[파이썬] Gensim TfidfModel 사용

In this blog post, we will explore the usage of the Gensim TfidfModel in Python. Gensim is a Python library used for topic modeling and document similarity analysis. The TfidfModel is a powerful tool that helps in determining the importance of words in a document or corpus.

What is TfidfModel?

TF-IDF stands for Term Frequency-Inverse Document Frequency. It is a numerical statistic that reflects how important a word is to a document in a collection or corpus. The main idea behind the TF-IDF model is to give more weightage to the words that appear frequently in a document but less frequently in the entire corpus.

The TfidfModel in Gensim calculates the TF-IDF values for a given set of texts.

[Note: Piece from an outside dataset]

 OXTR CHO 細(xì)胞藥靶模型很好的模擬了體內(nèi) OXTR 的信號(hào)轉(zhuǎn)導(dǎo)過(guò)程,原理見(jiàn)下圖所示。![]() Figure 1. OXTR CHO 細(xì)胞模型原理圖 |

It takes a vectorized input corpus and returns a transformed corpus where each document is represented by a list of tuples with the word ID and its corresponding TF-IDF score.

Installing Gensim

Before we begin, make sure you have Gensim installed in your Python environment. You can install Gensim using pip:

$ pip install gensim

Alternatively, you can install it using conda:

$ conda install -c conda-forge gensim

Example Usage

Let’s see an example of how to use the TfidfModel in Gensim.

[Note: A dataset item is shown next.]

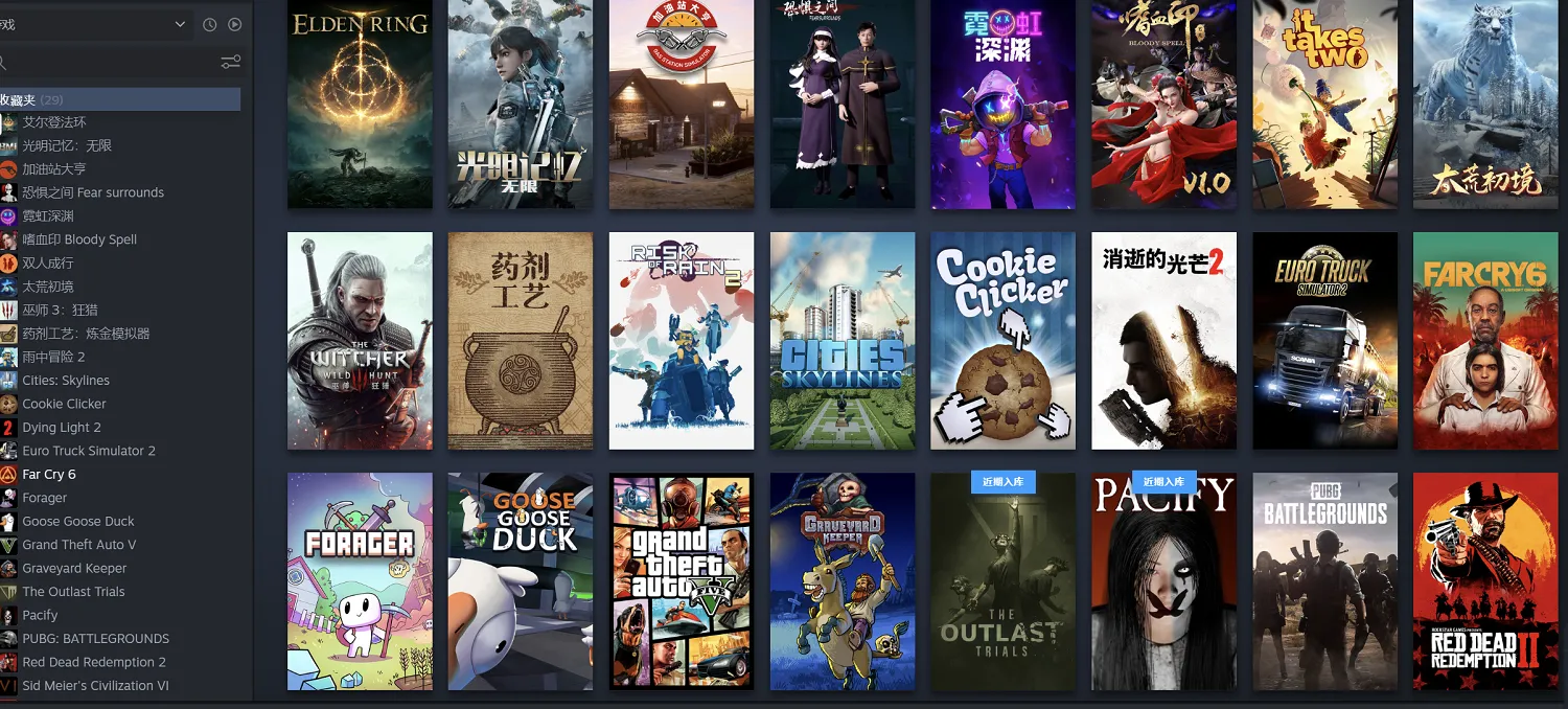 逃生试炼(The Outlast Trials)、孤岛惊魂6标版/远哭6(Far Cry 6 Standard Edition)、森林之子/迷失森林2(Sons Of The Forest)、太荒初境、艾尔登法环、消逝的光芒2人与仁之战(Dying Light 2 Stay Human)、荒野大镖客2(Red Dead Redemption 2)、超级兔子人 super bunny man、守墓人 Graveyard Keeper、城市天际线/都市天际线 Cities: Skylines、星露谷物语 Stardew Valley、嗜血印 Bloody Spell、巫师3 、GTA5/侠盗飞车5/侠盗猎车手5、恐惧之间、战锤末日鼠疫2/战锤2末日鼠疫、加油站大亨、避难所2、霓虹深渊种子机器、炼金术师模拟器 、无尽的饼干 Cookie Clicker、《光明记忆无限》黄金版、欧洲卡车模拟2、安抚(Pacify)、文明6(Sid Meier's Civilization VI)

from gensim.models import TfidfModel
from gensim.corpora import Dictionary

# Example corpus
corpus = [
    ["apple", "banana", "apple"],
    ["banana", "cherry", "date"],
    ["apple", "cherry", "date"],
    ["date", "elderberry", "fig"]
]

# Create a dictionary from the corpus
dictionary = Dictionary(corpus)

# Convert the corpus into a bag-of-words format
bow_corpus = [dictionary.doc2bow(doc) for doc in corpus]

# Create a TF-IDF model
tfidf = TfidfModel(bow_corpus)

# Transform the original corpus into TF-IDF representation
tfidf_corpus = tfidf[bow_corpus]

# Print the TF-IDF representation of each document
for doc in tfidf_corpus:
    print(doc)

In the above example, we have a corpus with four documents. We first create a dictionary from the corpus using the Dictionary class in Gensim. Next, we convert the corpus into a bag-of-words format using the doc2bow function. Then, we create a TF-IDF model using the TfidfModel class and apply it to the bag-of-words corpus to obtain the TF-IDF representation.

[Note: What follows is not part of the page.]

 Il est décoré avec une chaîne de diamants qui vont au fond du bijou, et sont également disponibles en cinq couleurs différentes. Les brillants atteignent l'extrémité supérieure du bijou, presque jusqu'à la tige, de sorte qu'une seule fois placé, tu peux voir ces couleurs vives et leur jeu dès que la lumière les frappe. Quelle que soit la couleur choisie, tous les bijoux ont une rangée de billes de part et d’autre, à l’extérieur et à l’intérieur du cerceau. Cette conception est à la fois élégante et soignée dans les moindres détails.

Finally, we print the TF-IDF representation of each document in the corpus. The output will be a list of tuples, where each tuple contains the word ID and its corresponding TF-IDF score.

Conclusion

The Gensim TfidfModel is a useful tool for calculating the TF-IDF values of words in a document or corpus. It can help in various tasks such as keyword extraction, document similarity analysis, and information retrieval. By using the TfidfModel in Gensim, you can gain insights into the importance of words in your text data and improve the performance of your natural language processing applications.